Дуракам и какашкам закон не писан. Урок не зарок. Я шел по жизни, дымя как паровоз. И теперь этот паровоз стоит на постаменте у входа в локомотиво-вагоноремонтный завод, куда нас водили на экскурсию еще пионерами. Обжигающе стылый паровоз, что покойник, я трогал дядю Рому на похоронах. Он был тверд, как железо.
Отбегался по рельсам. Попал в положение вне игры. Или вне жизни.
Так, не разменяв полтинника, я загремел в отделении кардиологии. Хотя лежал для профилактики, по выражению знакомого врача. Все койки в палате были забиты под завязку. Из-за нехватки мест сильный пол валялся в коридорах. Было немного стыдно. Получалось, занимал место какого-нибудь болезного. Сосед маялся аритмией сердца, а через койку лежал мой ровесник после обширного инфаркта и всем охотно о том рассказывал.
— Слышь, чувак, тряхнуло меня капитально! — разорялся в коридоре по настенному телефону этот мужик. — Грят, блин, обширный! Инфаркт-то!
Он как будто гордился своим диагнозом.
По жизни лежал я в хирургии, легочной хирургии, терапии, инфекционке, наркологии, в лор-отделении — еще в детстве по поводу вырезанных гланд, даже в военном госпитале, но более жизнерадостных людей, чем сердечники, не встречал. В кардиологии в основном парились мужики в расцвете лет, типа меня. И говорили мы о женщинах. И стар и млад. Не потому, что были морально испорченными, сообразил я позже, а потому, что, чудом выкарабкавшись из лап смерти в реанимации, радовались жизни. Женщины — это жизнь. Да и кто бы спорил…
Говорили мы также о водке, о футболе, ругали политику, вспоминали армию, но тему курения вежливо обходили стороной. Наверное, хотели курить, но до смерти боялись. Вот-вот, до смерти.
Один, радостный такой, приходил из соседней палаты и уже в который раз сообщал, что его привезли на «скорой» с верхним давлением в двести двадцать. Давление ему сбили. До такой степени, что он завел роман с раздатчицей столовой отделения урологии. Они часто уединялись на черной лестнице и курили. То есть курила она, а он слушал про несчастную долю матери-одиночки и, так как руки у него были свободны от сигареты, успокаивал собеседницу, нежно поглаживая по спине и ниже, много ниже, о чем нам в подробностях докладывал с горящими глазами однопалатник, старшеклассник с врожденным пороком сердца.
Курил пассивно, но крутил активно.

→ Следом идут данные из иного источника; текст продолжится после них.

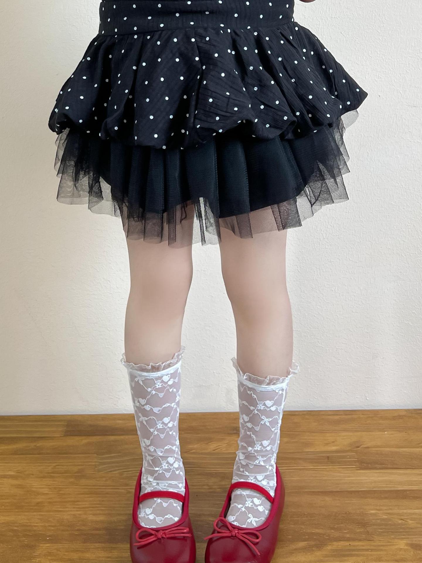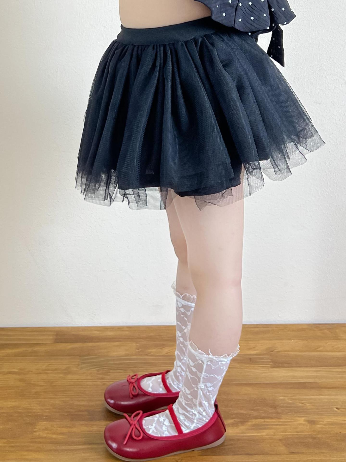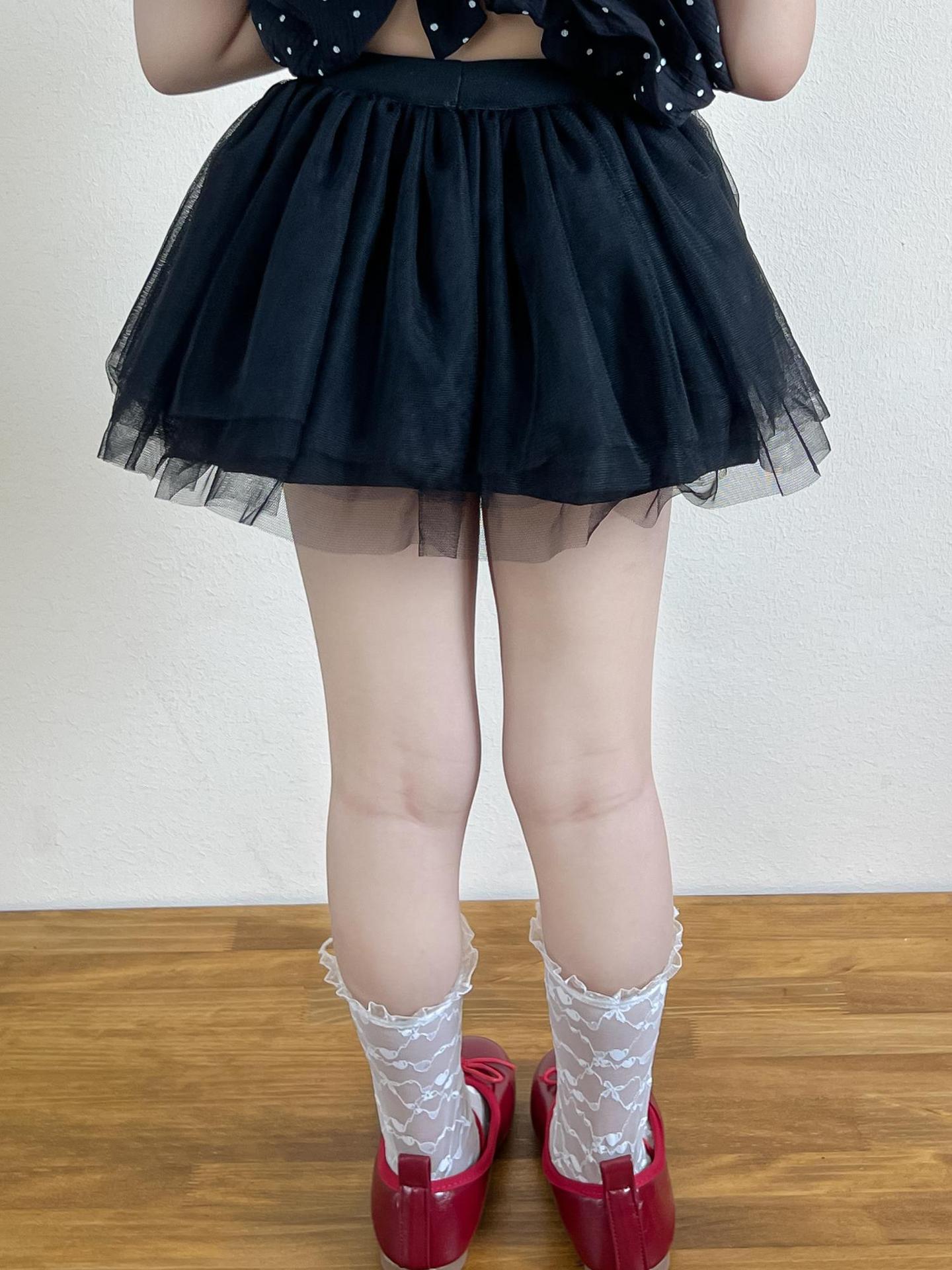 • DM2511216028 - 블랙 반기장 거즈 스커트

Любовь-то.
Короче, за сердечным романом пациента и работницы кухни, его поступательным движением по лестнице страсти затаив дыхание следили со всех десяти коек нашей палаты. За окном чернела зима, рисуя узоры на холодном стекле; от окна из-под белых лент больничного пластыря на раме дуло, но от свежих сводок с любовного фронта становилось теплее. И верилось: отступит загрудинная боль, наступит весна. И тебя, немолодого, болезного, полюбит работница общепита. Прижмет к груди, белой и теплой, распаренной над кастрюлями.